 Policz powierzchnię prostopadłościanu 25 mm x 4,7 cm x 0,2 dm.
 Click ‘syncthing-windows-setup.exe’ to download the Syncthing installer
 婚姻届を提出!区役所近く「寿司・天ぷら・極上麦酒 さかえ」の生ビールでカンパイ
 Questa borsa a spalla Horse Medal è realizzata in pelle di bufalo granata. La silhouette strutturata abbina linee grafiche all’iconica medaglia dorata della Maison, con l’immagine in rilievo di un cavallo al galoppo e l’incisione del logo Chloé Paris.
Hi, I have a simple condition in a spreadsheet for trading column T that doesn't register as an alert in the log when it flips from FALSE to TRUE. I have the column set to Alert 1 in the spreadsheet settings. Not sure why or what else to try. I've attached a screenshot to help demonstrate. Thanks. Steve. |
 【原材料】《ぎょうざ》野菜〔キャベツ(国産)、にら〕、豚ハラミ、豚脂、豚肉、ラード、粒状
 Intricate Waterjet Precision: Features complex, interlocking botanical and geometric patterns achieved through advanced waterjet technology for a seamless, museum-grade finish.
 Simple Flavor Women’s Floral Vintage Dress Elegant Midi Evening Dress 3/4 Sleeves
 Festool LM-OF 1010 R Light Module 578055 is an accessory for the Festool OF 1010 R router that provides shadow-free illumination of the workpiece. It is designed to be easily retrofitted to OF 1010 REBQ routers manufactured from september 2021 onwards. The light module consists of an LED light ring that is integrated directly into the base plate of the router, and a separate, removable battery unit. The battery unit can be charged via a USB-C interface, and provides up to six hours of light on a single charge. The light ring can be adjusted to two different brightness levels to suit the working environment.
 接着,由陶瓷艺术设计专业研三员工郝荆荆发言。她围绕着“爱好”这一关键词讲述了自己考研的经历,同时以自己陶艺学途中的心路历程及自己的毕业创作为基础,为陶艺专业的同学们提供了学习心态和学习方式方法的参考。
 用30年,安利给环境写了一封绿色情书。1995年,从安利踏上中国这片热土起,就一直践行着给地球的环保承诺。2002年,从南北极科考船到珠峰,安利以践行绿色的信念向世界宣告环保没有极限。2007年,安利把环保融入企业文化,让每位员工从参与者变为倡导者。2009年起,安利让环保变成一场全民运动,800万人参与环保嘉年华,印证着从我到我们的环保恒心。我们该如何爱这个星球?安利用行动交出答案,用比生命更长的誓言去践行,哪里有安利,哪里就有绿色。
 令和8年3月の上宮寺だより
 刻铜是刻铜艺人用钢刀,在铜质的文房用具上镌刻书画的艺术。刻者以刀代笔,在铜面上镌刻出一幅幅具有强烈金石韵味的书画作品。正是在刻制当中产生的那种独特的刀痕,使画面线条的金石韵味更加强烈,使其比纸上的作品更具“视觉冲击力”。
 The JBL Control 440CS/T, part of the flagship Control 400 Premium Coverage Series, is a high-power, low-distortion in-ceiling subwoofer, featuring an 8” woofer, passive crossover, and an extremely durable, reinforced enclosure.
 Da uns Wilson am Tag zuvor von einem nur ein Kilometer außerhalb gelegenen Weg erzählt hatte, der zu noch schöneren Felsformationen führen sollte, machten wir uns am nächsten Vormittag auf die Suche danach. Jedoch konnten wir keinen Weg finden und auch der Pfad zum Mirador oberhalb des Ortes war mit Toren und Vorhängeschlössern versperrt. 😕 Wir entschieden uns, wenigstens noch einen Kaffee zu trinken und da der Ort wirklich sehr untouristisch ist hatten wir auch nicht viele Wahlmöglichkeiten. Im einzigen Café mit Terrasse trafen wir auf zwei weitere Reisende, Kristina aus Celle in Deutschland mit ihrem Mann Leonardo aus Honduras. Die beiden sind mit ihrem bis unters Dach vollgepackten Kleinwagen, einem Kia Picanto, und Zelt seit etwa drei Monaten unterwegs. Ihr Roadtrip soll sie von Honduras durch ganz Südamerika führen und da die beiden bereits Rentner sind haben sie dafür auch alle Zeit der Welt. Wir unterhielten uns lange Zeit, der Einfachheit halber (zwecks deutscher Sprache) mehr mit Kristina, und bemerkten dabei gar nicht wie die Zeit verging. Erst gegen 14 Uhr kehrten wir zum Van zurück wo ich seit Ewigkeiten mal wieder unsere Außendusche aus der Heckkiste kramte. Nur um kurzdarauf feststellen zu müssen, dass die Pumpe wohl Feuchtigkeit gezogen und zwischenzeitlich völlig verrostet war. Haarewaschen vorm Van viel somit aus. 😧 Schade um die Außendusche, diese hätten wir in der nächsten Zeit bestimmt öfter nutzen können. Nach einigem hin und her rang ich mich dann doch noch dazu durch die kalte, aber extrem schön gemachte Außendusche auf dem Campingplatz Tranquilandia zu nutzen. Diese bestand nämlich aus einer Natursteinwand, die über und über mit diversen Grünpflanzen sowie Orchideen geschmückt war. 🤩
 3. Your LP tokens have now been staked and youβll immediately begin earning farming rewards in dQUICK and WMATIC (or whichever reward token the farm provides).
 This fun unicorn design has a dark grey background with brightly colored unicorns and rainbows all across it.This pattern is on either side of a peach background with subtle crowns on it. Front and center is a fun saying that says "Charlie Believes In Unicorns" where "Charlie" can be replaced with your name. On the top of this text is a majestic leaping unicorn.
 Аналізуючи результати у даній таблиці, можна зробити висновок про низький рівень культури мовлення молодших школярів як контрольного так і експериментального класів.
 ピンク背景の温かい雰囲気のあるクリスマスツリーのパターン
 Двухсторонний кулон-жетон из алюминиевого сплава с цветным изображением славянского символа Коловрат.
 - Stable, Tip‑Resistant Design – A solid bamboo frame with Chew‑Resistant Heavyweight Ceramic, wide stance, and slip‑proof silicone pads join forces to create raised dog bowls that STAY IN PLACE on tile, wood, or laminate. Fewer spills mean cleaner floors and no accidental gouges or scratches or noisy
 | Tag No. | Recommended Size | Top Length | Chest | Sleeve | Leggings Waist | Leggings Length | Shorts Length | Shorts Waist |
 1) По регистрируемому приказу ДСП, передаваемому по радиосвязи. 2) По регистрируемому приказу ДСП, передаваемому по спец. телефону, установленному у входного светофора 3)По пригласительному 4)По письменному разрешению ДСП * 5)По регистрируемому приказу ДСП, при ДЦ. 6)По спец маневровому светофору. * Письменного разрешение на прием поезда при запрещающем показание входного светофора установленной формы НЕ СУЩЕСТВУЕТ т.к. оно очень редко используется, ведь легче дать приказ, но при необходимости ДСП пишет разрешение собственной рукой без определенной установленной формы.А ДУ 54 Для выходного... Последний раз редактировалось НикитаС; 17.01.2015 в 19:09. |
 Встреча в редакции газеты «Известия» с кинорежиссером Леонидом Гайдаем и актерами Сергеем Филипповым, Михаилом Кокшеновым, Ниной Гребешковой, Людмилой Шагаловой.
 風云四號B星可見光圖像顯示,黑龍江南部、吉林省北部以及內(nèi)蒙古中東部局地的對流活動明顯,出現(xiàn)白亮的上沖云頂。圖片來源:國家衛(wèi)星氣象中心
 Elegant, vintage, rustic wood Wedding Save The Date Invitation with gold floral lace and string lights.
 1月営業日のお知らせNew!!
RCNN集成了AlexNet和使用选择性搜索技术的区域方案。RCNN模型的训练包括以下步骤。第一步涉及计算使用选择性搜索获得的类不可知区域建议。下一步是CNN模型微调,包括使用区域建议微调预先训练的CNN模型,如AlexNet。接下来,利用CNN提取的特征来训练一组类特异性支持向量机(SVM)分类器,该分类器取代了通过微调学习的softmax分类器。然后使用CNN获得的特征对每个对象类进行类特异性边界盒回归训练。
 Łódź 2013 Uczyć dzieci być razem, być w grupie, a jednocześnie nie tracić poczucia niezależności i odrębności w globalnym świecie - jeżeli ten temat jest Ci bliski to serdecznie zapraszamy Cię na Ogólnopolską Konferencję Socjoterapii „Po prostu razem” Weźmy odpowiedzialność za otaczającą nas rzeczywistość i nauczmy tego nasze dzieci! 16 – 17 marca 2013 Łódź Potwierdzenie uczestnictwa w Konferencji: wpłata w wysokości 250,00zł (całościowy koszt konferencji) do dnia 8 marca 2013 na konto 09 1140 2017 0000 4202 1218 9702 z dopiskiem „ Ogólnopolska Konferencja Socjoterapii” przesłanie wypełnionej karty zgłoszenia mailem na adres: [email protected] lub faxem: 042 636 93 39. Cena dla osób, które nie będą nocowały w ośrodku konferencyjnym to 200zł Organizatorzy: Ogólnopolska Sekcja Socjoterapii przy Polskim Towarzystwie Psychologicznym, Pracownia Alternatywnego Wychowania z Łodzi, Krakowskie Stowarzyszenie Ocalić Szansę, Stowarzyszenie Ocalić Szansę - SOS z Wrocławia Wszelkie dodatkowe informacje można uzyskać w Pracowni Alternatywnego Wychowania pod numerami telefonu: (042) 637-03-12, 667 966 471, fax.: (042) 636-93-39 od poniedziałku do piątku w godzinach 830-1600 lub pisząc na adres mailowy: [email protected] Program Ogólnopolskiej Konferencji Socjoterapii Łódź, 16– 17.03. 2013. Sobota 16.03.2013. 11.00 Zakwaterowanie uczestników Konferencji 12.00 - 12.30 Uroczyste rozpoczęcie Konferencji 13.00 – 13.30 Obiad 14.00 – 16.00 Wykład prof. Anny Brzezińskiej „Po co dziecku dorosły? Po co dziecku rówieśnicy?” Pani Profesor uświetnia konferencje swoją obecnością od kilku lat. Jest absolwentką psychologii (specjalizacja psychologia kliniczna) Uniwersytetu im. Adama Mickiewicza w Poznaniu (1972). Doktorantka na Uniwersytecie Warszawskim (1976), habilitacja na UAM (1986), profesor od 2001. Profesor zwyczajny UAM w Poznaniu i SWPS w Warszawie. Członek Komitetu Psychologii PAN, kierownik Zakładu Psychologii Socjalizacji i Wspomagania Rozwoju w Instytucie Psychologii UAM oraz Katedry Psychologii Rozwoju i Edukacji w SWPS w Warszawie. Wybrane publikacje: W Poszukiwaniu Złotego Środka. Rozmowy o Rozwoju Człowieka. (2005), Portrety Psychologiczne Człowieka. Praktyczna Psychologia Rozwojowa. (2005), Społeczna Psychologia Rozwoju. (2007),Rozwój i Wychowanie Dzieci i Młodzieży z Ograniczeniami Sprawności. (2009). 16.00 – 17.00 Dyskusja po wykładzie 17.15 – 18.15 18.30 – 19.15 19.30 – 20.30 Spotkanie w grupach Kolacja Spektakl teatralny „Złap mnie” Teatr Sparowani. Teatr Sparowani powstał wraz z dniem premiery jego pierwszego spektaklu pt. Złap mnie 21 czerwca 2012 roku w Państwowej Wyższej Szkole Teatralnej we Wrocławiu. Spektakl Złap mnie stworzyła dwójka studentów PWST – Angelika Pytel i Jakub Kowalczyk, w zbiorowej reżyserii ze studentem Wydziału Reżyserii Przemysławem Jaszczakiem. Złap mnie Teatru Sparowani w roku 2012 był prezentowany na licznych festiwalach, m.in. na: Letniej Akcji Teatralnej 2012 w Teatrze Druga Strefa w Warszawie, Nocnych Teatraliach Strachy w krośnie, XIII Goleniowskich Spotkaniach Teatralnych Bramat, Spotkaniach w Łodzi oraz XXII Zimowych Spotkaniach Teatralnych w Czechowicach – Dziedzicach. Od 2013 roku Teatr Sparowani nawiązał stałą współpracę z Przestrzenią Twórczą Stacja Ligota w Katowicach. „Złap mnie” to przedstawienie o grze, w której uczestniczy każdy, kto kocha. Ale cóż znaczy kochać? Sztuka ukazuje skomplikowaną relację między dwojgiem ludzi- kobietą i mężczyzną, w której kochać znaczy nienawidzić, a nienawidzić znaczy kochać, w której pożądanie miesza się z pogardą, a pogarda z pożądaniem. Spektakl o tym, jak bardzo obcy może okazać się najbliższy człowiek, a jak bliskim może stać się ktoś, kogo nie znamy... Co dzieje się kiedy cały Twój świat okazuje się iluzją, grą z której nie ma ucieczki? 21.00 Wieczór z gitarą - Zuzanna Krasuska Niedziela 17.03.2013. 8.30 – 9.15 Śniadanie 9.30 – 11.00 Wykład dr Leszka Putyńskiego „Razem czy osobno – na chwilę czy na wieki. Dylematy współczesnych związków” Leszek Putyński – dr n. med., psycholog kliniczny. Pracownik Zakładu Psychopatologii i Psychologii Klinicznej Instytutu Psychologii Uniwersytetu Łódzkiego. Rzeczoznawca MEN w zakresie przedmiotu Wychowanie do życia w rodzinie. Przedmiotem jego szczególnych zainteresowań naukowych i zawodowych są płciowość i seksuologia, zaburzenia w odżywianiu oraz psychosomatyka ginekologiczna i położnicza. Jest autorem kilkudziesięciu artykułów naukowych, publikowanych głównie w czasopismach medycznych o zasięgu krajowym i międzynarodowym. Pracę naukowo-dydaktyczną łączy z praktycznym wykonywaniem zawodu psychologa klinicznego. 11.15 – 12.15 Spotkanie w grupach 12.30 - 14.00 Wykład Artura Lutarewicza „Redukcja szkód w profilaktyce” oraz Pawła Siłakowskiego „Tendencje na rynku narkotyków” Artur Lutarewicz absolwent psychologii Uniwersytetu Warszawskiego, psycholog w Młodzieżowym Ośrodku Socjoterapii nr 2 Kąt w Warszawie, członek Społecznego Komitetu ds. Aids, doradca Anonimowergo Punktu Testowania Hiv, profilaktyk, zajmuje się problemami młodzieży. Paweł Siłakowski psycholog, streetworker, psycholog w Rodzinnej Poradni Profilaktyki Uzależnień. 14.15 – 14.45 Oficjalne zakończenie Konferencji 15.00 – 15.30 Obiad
○ ○ ○ ○
#### Directions for this task
Search the entries for the word "from". Copy every line where it occurs.

#### Task answer
Hi, I have a simple condition in a spreadsheet for trading column T that doesn't register as an alert in the log when it flips from FALSE to TRUE. I have the column set to Alert 1 in the spreadsheet settings. Not sure why or what else to try. I've attached a screenshot to help demonstrate. Thanks. Steve. |
 Festool LM-OF 1010 R Light Module 578055 is an accessory for the Festool OF 1010 R router that provides shadow-free illumination of the workpiece. It is designed to be easily retrofitted to OF 1010 REBQ routers manufactured from september 2021 onwards. The light module consists of an LED light ring that is integrated directly into the base plate of the router, and a separate, removable battery unit. The battery unit can be charged via a USB-C interface, and provides up to six hours of light on a single charge. The light ring can be adjusted to two different brightness levels to suit the working environment.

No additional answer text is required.